Para ter sossego entre 18 e 31 de julho - período de recesso estabelecido na Constituição - o Congresso precisa aprovar a Lei de Diretrizes Orçamentárias (LDO) do ano que vem. O presidente do Congresso, senador Renan Calheiros (PMDB-AL), acolheu a sugestão de uma agenda feita pelo senador Walter Pinheiro (PT-BA). Hoje, segunda-feira, terça e quarta serão dias dedicados à votação de projetos. E a quinta-feira, dia 16, já tem sessão reservada para deliberar sobre os vetos que Dilma cravou em algumas propostas aprovadas e que foram encaminhadas pelo parlamento.

Entre os projetos que serão votados, possivelmente amanhã, tem um que interessa particularmente ao mercado por defender a repatriação de capital que brasileiros têm no exterior para que o país possa enfrentar este momento crítico - crítico também por falta de dinheiro. É bom lembrar. O projeto do senador Randolfe Rodrigues (PSOL-AP) prevê a taxação do capital em 17,5% de Imposto de Renda e mais 17,5% de multa.

Isso feito, o dono do dinheiro fica quites com o Fisco e os 35% arrecadados (do total repatriado) será o primeiro aporte para o fundo de compensação aos Estados que tiverem perdas com a centralização de alíquotas do ICMS - outra proposta a ser apreciada pelo Congresso.
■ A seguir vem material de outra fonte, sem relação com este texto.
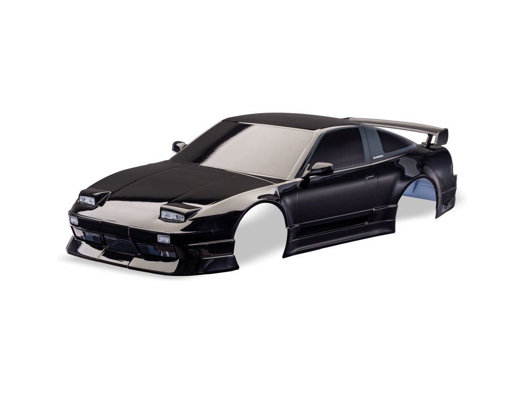 Traxxas karosérie Nissan 240SX černá. Hotová, nabarvená karoserie, včetně instalovaného bezsponkového držáku.
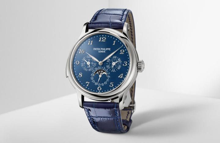 在5374G登场后,百达翡丽也决定要停产铂金款式,因此这款作品之后将只剩白金搭配蓝色面盘的组合。
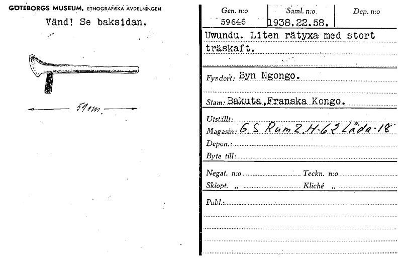 • Katalogkort ur Världskulturmuseets arkiv.
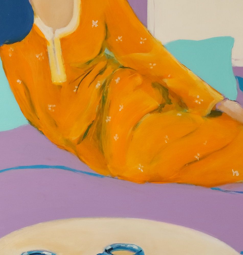 A very playful portrait, a woman with blue hair, in a saffron yellow dress, a blue cat. The whole picture is painted in the style of Gauguin, inspired by the artist's life by the sea, in the middle of nature.
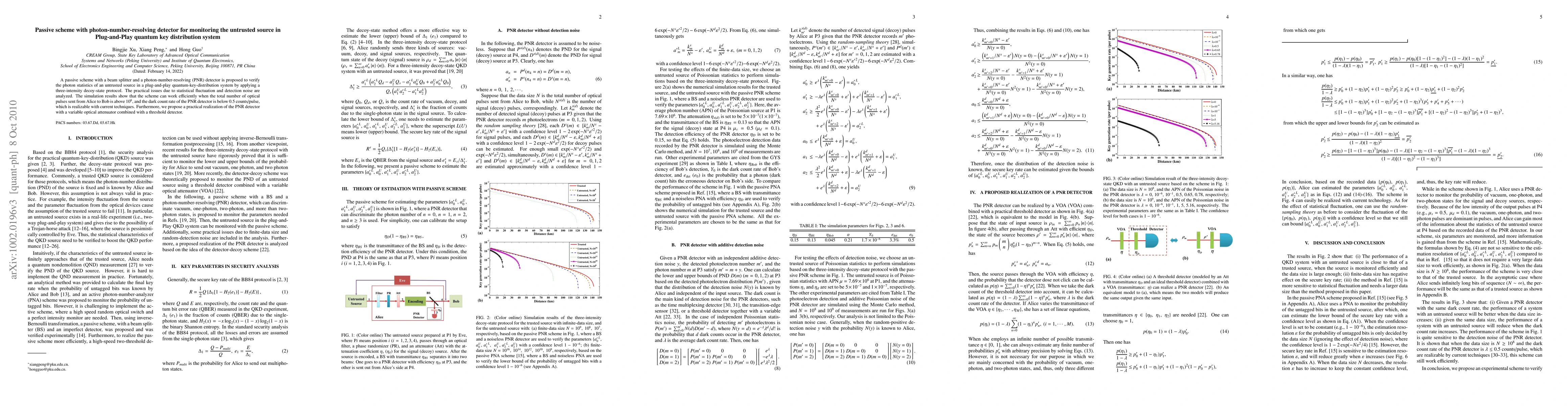 This paper proposes a passive scheme using a beam splitter and a photon-number-resolving detector to verify the photon statistics of an untrusted source in a quantum-key-distribution system. The scheme employs a three-intensity decoy-state protocol to address practical issues like statistical fluctuation and detection noise, demonstrating efficiency under certain conditions.
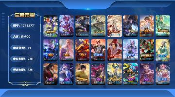 贵族等级:v6皮肤数:238传说品质8 生肖限定1 情人节限定1 珍品传说1 英雄数:126
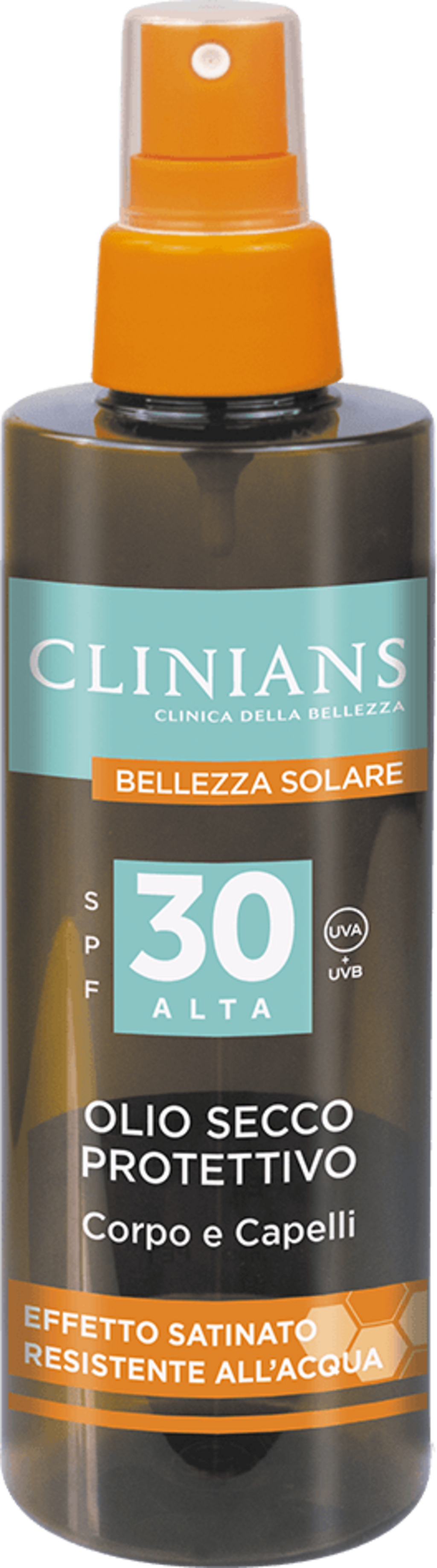 Ten olejek przeciwsłoneczny Clinians chroni skórę i włosy dzięki współczynnikowi ochrony przeciwsłonecznej 30. Jest wzbogacony cennymi olejkami z arganu, jojoby i słonecznika i zapewnia uczucie miękkiej skóry oraz piękną elastyczność włosów. Lekka, wodoodporna konsystencja jest łatwa do nakładania i zapewnia niezawodną ochronę przed promieniami UV.
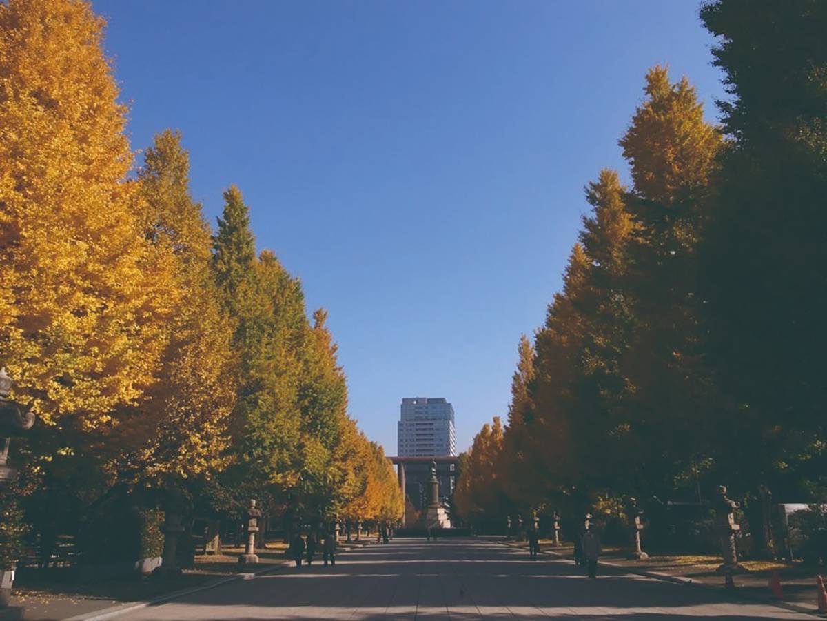 ศาลเจ้ายาสุกุนิถือเป็นศาลเจ้าชินโตขนาดใหญ่ที่สุดใน โตเกียว ทั้งยังเป็น จุดชมใบไม้เปลี่ยนสี ที่งดงามไม่แพ้สถานที่ดังๆ อีกด้วย ซึ่งในช่วงฤดูใบไม้ร่วงบริเวณหน้าเสาโทริอิขนาดใหญ่ของศาลเจ้ายาสุกุนิที่เรียงรายไปด้วยต้นแปะก๊วยทอดยาวไปประมาณ 240 เมตร เมื่อถึงช่วงพีคบรรดาต้นแปะก๊วยโดยรอบจะพร้อมใจกันเปลี่ยนสีสันเป็นสีเหลืองทองปกคลุมพื้นที่สองข้างทางกลายเป็นทิวทัศน์งดงามเคียงคู่ศาลเจ้าที่เก่าแก่แห่งนี้
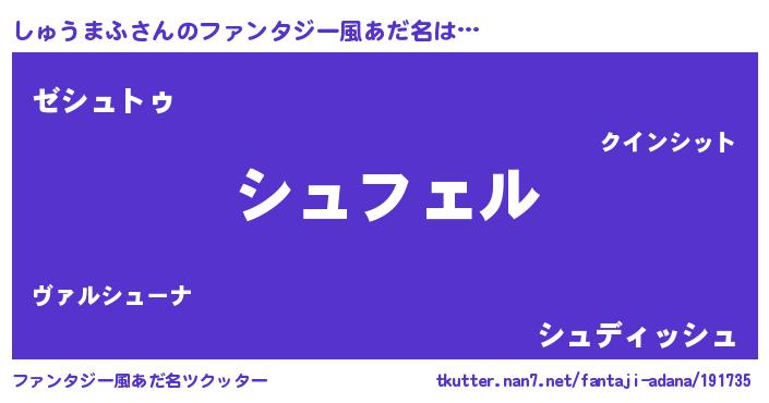 | ヘコむあだ名 | 『しゅにゅー』『しゅうまふ(小並感)』 |
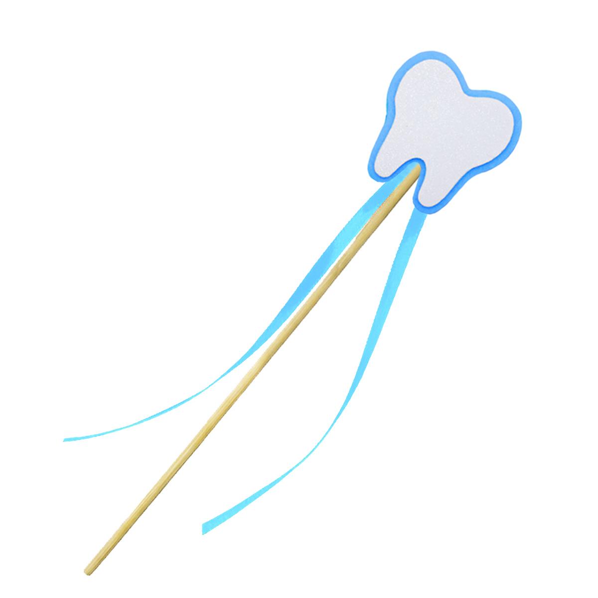 - różdżka Wróżka Zębuszka - drewniana różdżka posiada na szczycie filcowy emblemat radosnego ząbka i ozdobiona jest dodatkowo lekkimi, biało-błękitnymi tasiemkami:
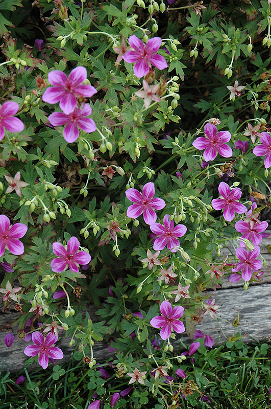Starman Cranesbill will grow to be about 12 inches tall at maturity, with a spread of 12 inches. When grown in masses or used as a bedding plant, individual plants should be spaced approximately 10 inches apart. Its foliage tends to remain dense right to the ground, not requiring facer plants in front. It grows at a medium rate, and under ideal conditions can be expected to live for approximately 10 years. As an herbaceous perennial, this plant will usually die back to the crown each winter, and will regrow from the base each spring. Be careful not to disturb the crown in late winter when it may not be readily seen!
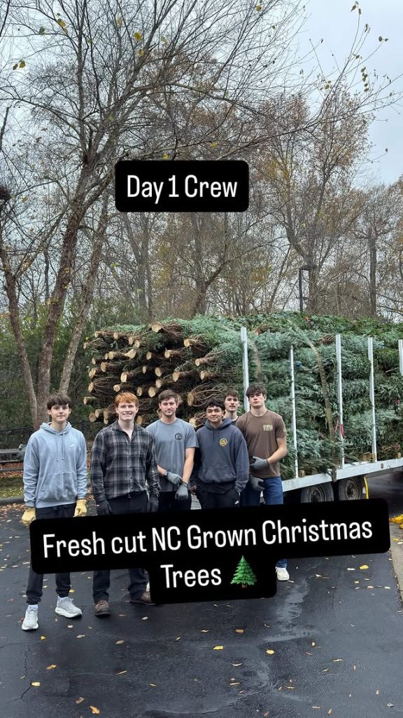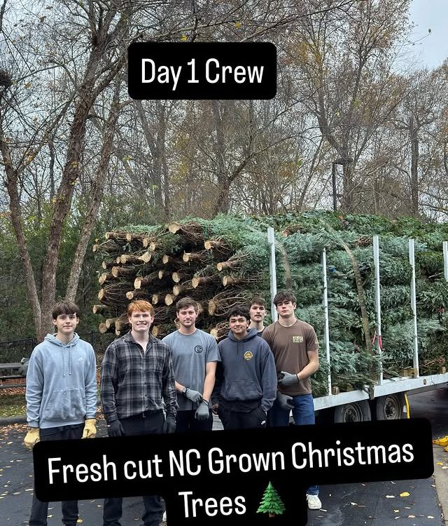 Strapping strong Elves delivered fresh cut trees from the mountains of West Jefferson in Ashe County in time for Thanksgiving! Elves have been super busy making beautiful
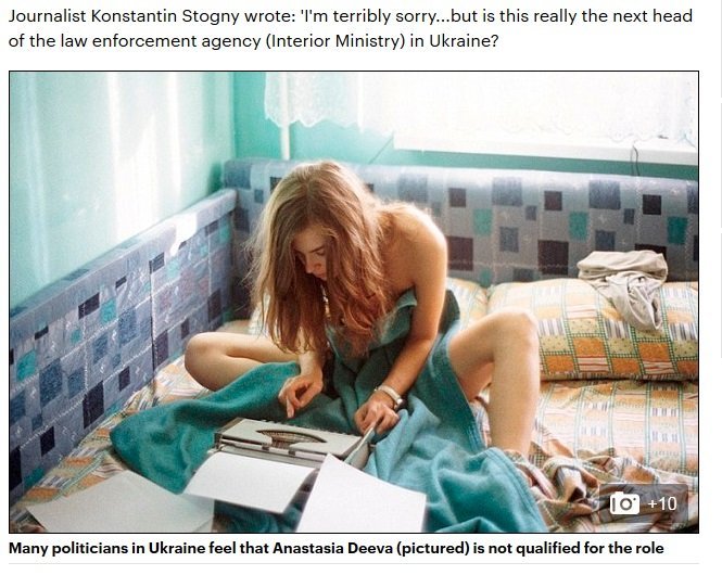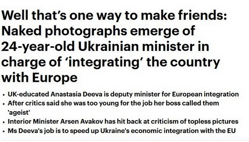 Желтый бульварный таблоид Daily Mail опубликовал фотографии в стиле ню 24-летней заместительницы министра МВД Анастасии Деевой, обучавшейся в Великобритании. В статье говорится, что ее критикуют за юный возраст, а также отсутствие необходимой профессиональной подготовки.
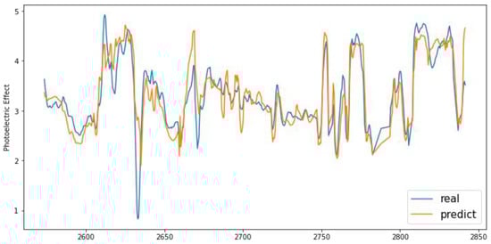 The prediction performance of the CNN-LSTM model optimized by the PSO algorithm was then verified by predicting the photoelectric effect curve of Well 1 on test data sets. Figure 13 shows both the actual measured photoelectric effect curve of Well 1 and the photoelectric effect curve of Well 1 predicted by the CNN-LSTM-PSO model with logs from adjacent wells. The blue curve is the test photoelectric effect data of Well 1, and the orange curve is the photoelectric effect curves of Well 1 estimated by the CNN-LSTM-PSO model with adjacent well information. It is obvious that the photoelectric effect curve predicted by the CNN-LSTM-PSO hybrid network model agrees well with the measured photoelectric effect curve from the test data.

Três gestores baseados em Nova York conversaram sobre a 'repatriação' com a coluna, na sexta-feira. Dois entendem que a medida faria muito sentido, se as condições da economia brasileira fossem similares a 2009/2010. "Sem perspectiva de melhora econômica, e com a moeda se desvalorizando, o interesse pela repatriação não deve ser alto", disse um dos executivos. O terceiro diz que a medida seria bem-vinda. "O Brasil já autorizou repatriação no passado. Pagar 35% ao governo pode ser um alívio para o investidor. Para o governo, uma demonstração de maturidade. Desde que, a repatriação não se torne instrumento de perseguição a esses brasileiros."

Estima-se que brasileiros tenham R$ 200 bilhões no exterior, o que daria R$ 70 bilhões ao 'Fundo do ICMS'. Um bom dinheiro.

Angela Bittencourt é repórter especial.